With all this work has come a ton of growth (the average American worker today is 434% more productive than their 1950s counterpart), but also a never-ending cycle wherein doing less means not doing nearly enough. The toll on mental health has been enormous: the workforce is tired and unable to turn off. Burnout is no longer a buzzword. It’s a household term.
The struggle with workaholism, as Arthur C. Brooks recently outlined in The Atlantic, is that the root of one’s issues can also offer false relief. As demands and depression mount, some find it easier to lose themselves in the work behind it all; where, after else, should they go? They have stuff to do. They might as well lean into it, even convince themselves they love it. But that only compounds the issue.

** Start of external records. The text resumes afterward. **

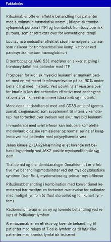 Monoklonal antistofterapi herunder brug af bl.a. anti-CD20-antistof (rituximab), anti-CD52-antistof (alemtuzumab) og anti-CD33-antistof (gemtuzumab og ozogamacin) er i dag integreret i behandlingen af patienter med malignt lymfom, kronisk lymfatisk leukæmi og akut myeloid leukæmi. Herudover anvendes rituximab i behandlingen af refraktær autoimmun hæmolytisk anæmi, idiopatisk trombocytopenisk purpura og ved relaps af trombotisk trombocytopenisk purpura. Nye signaltransduktionshæmmere, dasatinib og nilotinib, anvendes i behandlingen af patienter, der har kronisk myeloid leukæmi og udvikler resistens over for imatinib. Thalidomid, lenalidomid og bortezomib har alle vist sig at være effektive ved myelomatose, og Janus kinase 2 (JAK2)-inhi-bitorer afprøves p.t. i fase II-studier med patienter med JAK2-positiv primær myelofibrose og beslægtede sygdomme.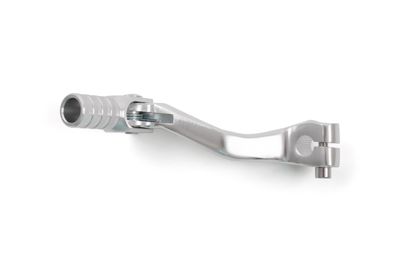 • Алюминиевый складной рычаг переключения передач серебристого цвета для эндуро мотоциклов с двигателями 165-172 FMM и 174 CBS-NB. Изготовлен из литого алюминия со складным кончиком, который предотвращает поломку рычага при падении или боковом ударе. Универсальная конструкция с вылетом, не гнет вал при падениях. Установка без втулки. Совместим с двигателями 165FMM, ZS170MM-2, ZS172-3A, ZS172-5A, ZS174MN-3.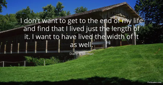 Ackerman, Diane. (2026, January 15). I don't want to get to the end of my life and find that I lived just the length of it. I want to have lived the width of it as well. FixQuotes. https://fixquotes.com/quotes/i-dont-want-to-get-to-the-end-of-my-life-and-find-118398/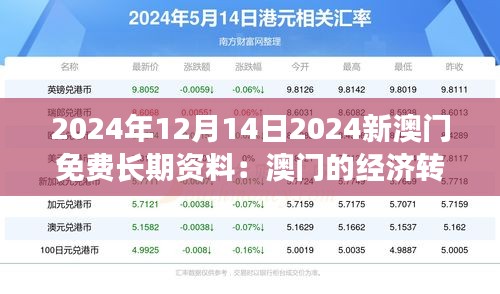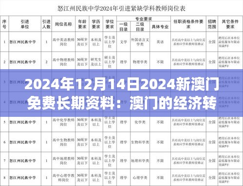 澳门,作为中国的特别行政区,近年来在经济发展方面展现出独特的活力和潜力,本文旨在深入探讨“澳门经济转型与增长机遇”的主题,通过详细介绍“2024年澳门免费长期资料”,以期提升公众对澳门经济转型进程的认识,并激发对澳门经济未来发展前景的兴趣。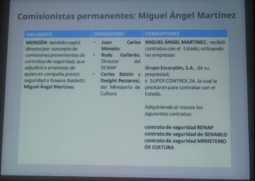Aunque no se especificó el monto de las ganancias que habría recibido la estructura, se dio a conocer que el desvío de fondos se hizo a través de la adjudicación de contratos de seguridad a Grupo Escorpión, una empresa de Miguel Ángel Martínez, quien prestó seguridad a Baldetti durante su campaña electoral.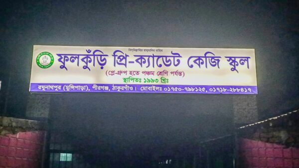 সাকিব আহসান,পীরগঞ্জ, ঠাকুরগাঁওঃ পীরগঞ্জের একটি আবাসিক এলাকায় অবস্থিত ফুলকুঁড়ি প্রি-ক্যাডেট কেজি স্কুলের বার্ষিক অনুষ্ঠান সম্প্রতি স্থানীয় বাসিন্দাদের মধ্যে স্বাস্থ্যগত ও আইনগত উদ্বেগ সৃষ্টি করেছে। ঘটনার সময় স্কুলের আশপাশের তিনটি পয়েন্টে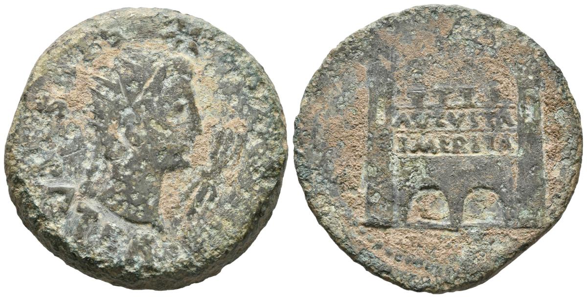 EMERITA AUGUSTA. Dupondio. Epoca de Tiberio 14-36 d.C. Mérida (Badajoz). A/ Cabeza radiada de Augusto a derecha, delante fulmen, leyenda externa DIVVS. AVGVSTVS. PATER. R/ Puerta de la ciudad, sobre ella AVGVSTA EMERITA. FAB-1027. Ae. 21,41g. BC/MBC. Escasa.
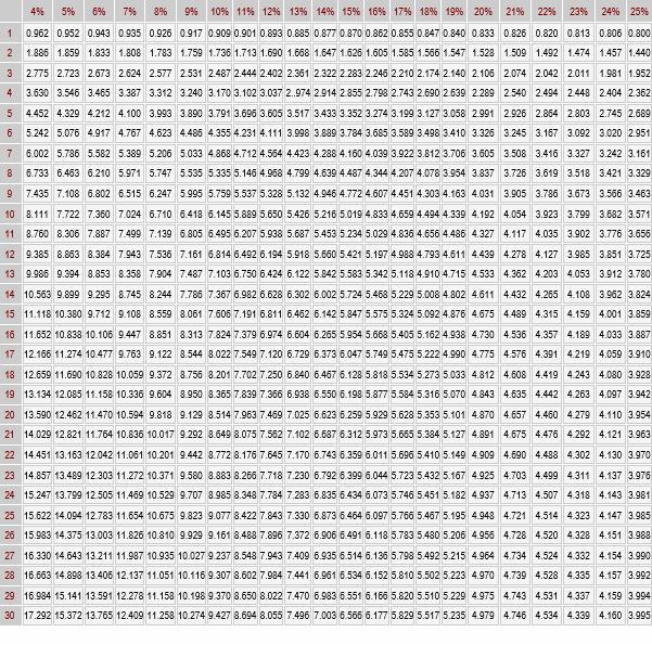 We can refer to the annuity factor table to find the closest value.
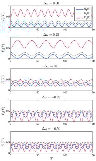For all numerical simulations we used the MatlabTM software along with its standard ODE Suite []. In particular, the standard ode45 solver was employed with stringent error tolerance settings. In Figure 1 we show the energy evolution in the resonant triad given in Table 1 for several values of the frequency detuning ; e.g., in geophysical applications . From these graphs it can be seen that the period and the range of the energy variation, defined as

While the majority of the workforce doesn’t have the luxury of deciding to work less, the way wealthy Americans have evidently opted to rollback their availability these past few years, it’s important to periodically assess your relationship to work. What’s the first thing you do when you wake up? Are your work hours bleeding into your evenings? Can you take the weekend off, or just a day off, without checking Slack or Teams? Is your self-worth contingent on your workweek performance?
There’s room on the spectrum between workaholism and quiet quitting, trust us. You might not like what you discover, once you interrogate some of these ideas, but that doesn’t mean you should quiet quit, or quit quit, right away. Look for ways to prioritize and optimize your life around your workplace responsibilities, so you can spend less time doing (and fretting) about them in the long-term.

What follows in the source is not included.